### [WHAT THE TASK REQUIRES]
Include the line containing "App to view" and all lines before it, repeated exactly from the listing below, without pictures.

### [RECORDED INFORMATION]
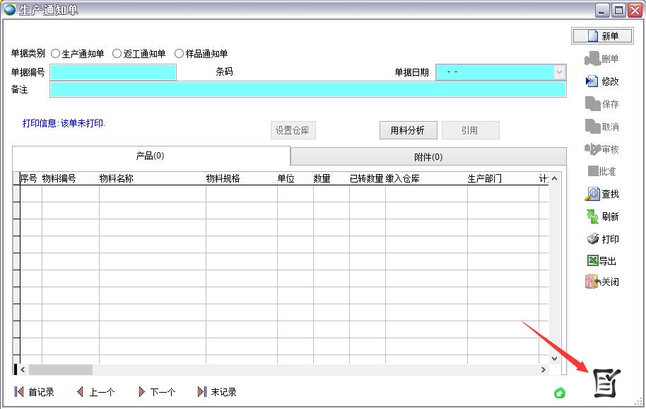 生產(chǎn)通知單列表打開路徑:【主菜單】->【計(jì)劃】->【生產(chǎn)通知單】->點(diǎn)右下角
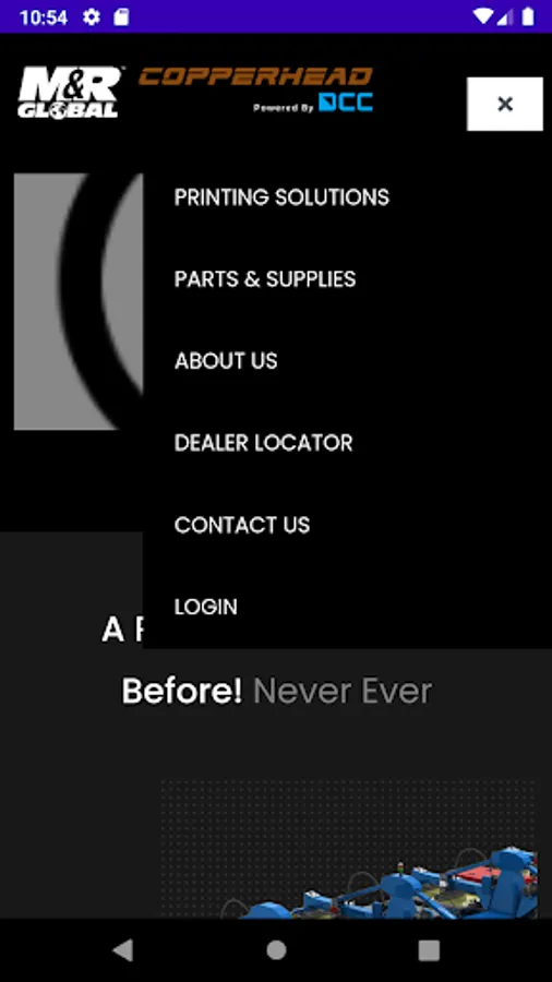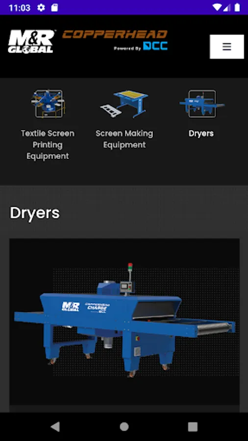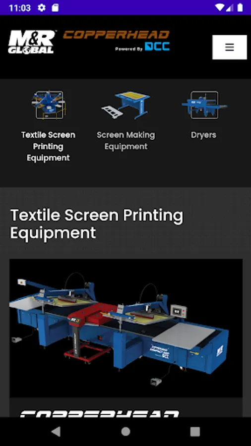 App to view M&R Global Copperhead powered by DCC Screen Printing machine, accessories and applications.
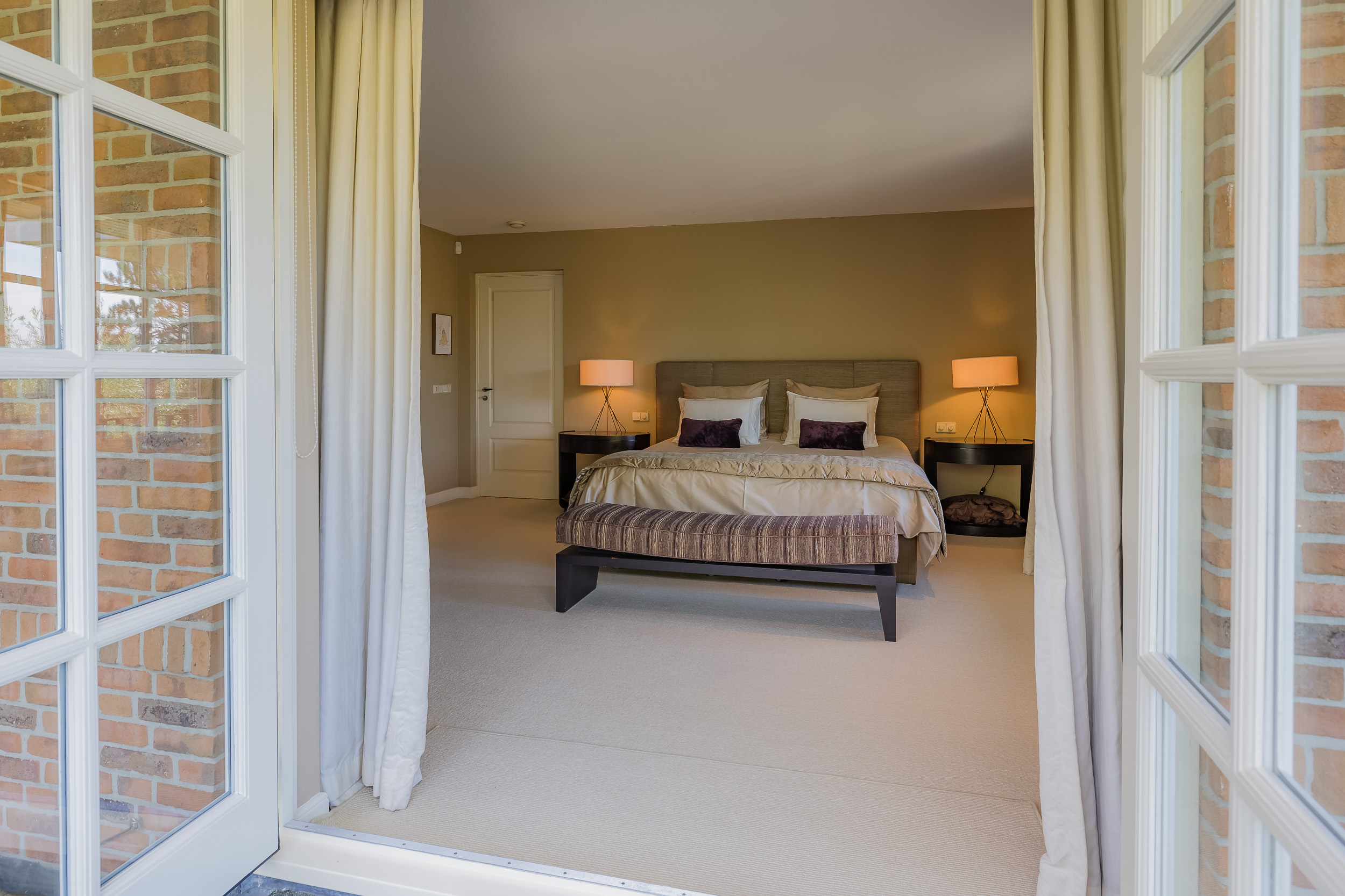 The villa exudes tranquility, space, and elegance. An elegant entrance, richly surrounded by flowers, welcomes you at the door. The spacious hall leads to the cozy living room with fireplace, adjacent dining room, and delightful kitchen with French doors to the garden. A place that invites you to spend long evenings cooking, dining, and enjoying life. A practical utility room and a spacious study on the ground floor complete the picture. All rooms have direct access to the garden, veranda, or one of the balconies.
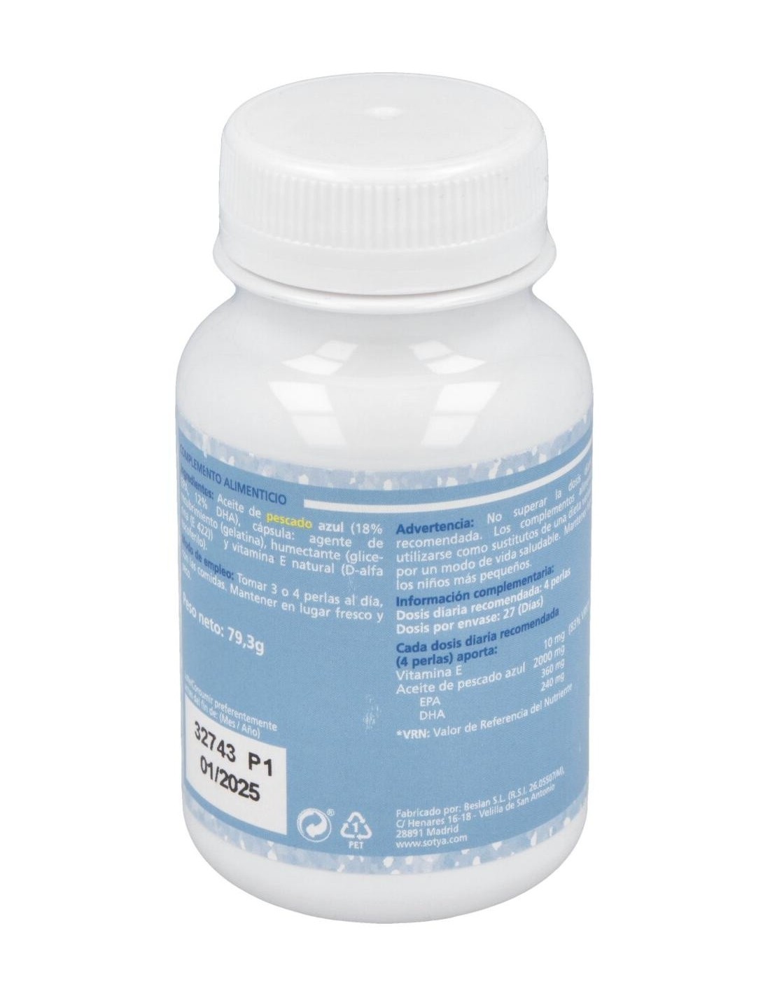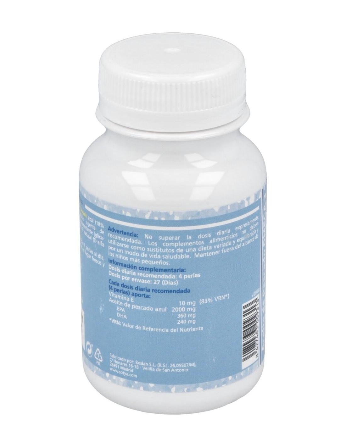 - Cada perla contiene 721 mg de aceite de pescado, proporcionando una fuente concentrada de ácidos grasos omega 3.

### [WRITTEN ANSWER]
 生產(chǎn)通知單列表打開路徑:【主菜單】->【計(jì)劃】->【生產(chǎn)通知單】->點(diǎn)右下角
 App to view M&R Global Copperhead powered by DCC Screen Printing machine, accessories and applications.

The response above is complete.